## ASSIGNMENT
Reproduce, without alteration, every line of the data; exclude the images.

## GIVEN MATERIAL

==============================

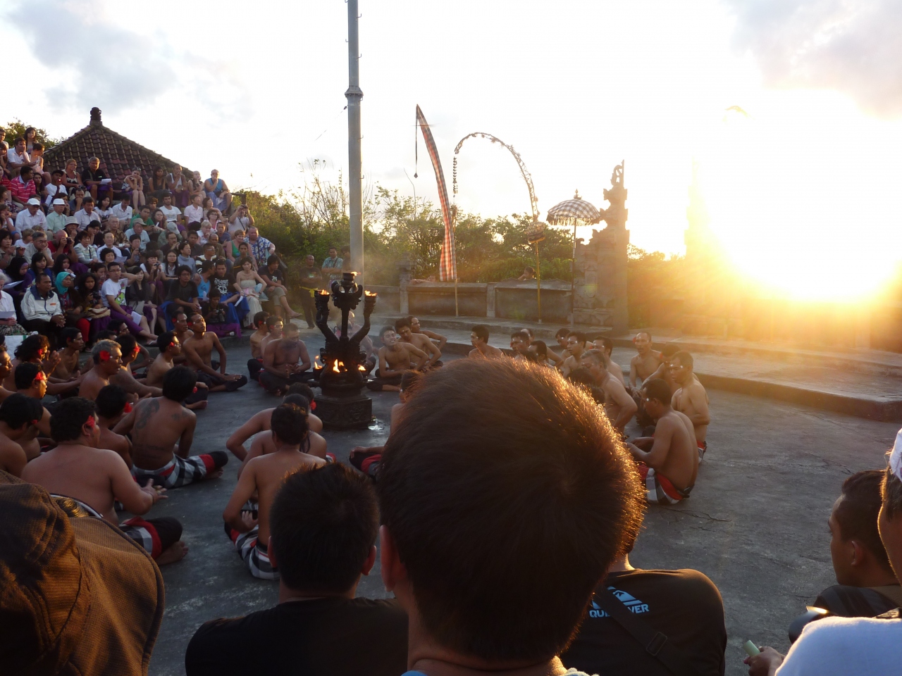 夕方にはウルワトゥ寺院で綺麗なサンセットをバックにケチャックダンスを見て、それが終わるとレストランへ移動し、また違う種類の踊りを見ながら夕食を楽しみました。
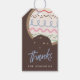 Montrez votre appréciation avec ce biscuit festif décorateur de fête de cadeaux, créé pour coordonner avec la collection "Décorez + Célébrez" fête de fête. Un gâteau à sucre rond est joliment décoré avec du glaçage et des arroses. L'illustration est placée sur un arrière - plan brun à la texture tachetée, et accompagnée du mot "merci" dans les lettres manuscrites.
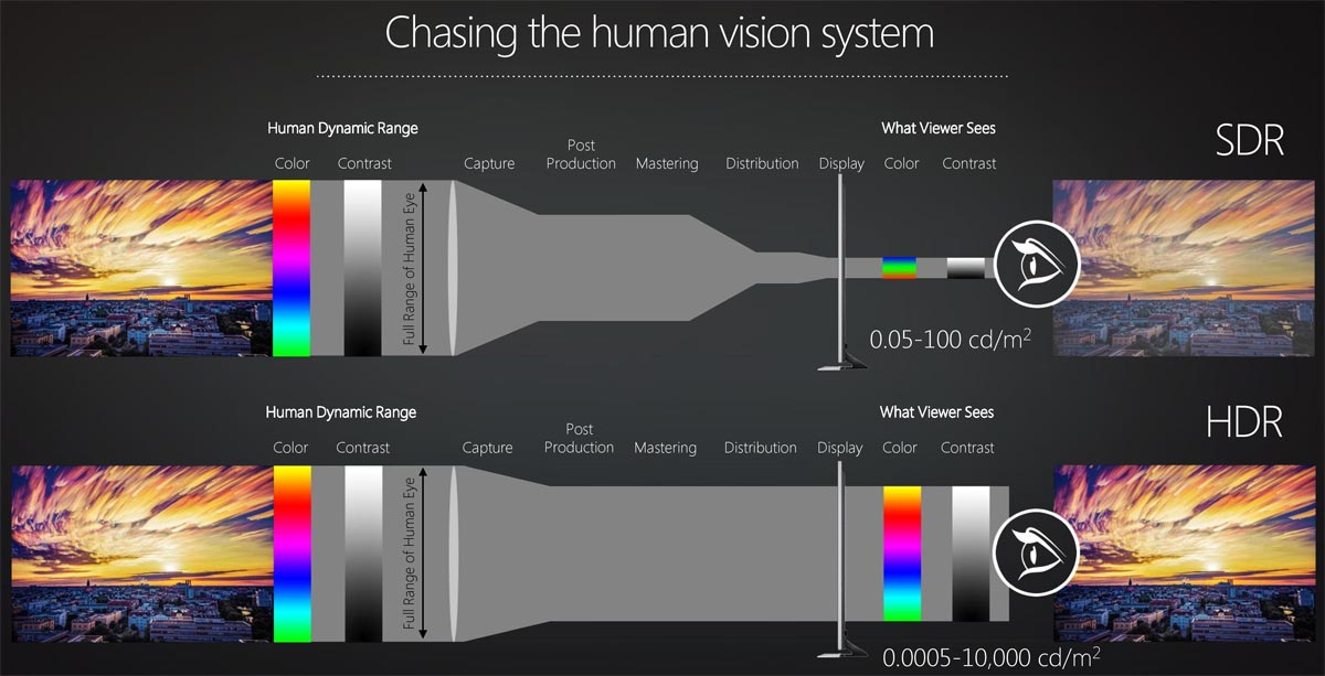 Tilsammen lægger de tre delelementer fundamentet for en ny æra indenfor billedkvalitet. Grafer som denne fra AMD demonstrerer det nok bedst. Som sagt er HDR et end-to-end-system.

==============================

## EXERCISE RESULT
 夕方にはウルワトゥ寺院で綺麗なサンセットをバックにケチャックダンスを見て、それが終わるとレストランへ移動し、また違う種類の踊りを見ながら夕食を楽しみました。
 Montrez votre appréciation avec ce biscuit festif décorateur de fête de cadeaux, créé pour coordonner avec la collection "Décorez + Célébrez" fête de fête. Un gâteau à sucre rond est joliment décoré avec du glaçage et des arroses. L'illustration est placée sur un arrière - plan brun à la texture tachetée, et accompagnée du mot "merci" dans les lettres manuscrites.
 Tilsammen lægger de tre delelementer fundamentet for en ny æra indenfor billedkvalitet. Grafer som denne fra AMD demonstrerer det nok bedst. Som sagt er HDR et end-to-end-system.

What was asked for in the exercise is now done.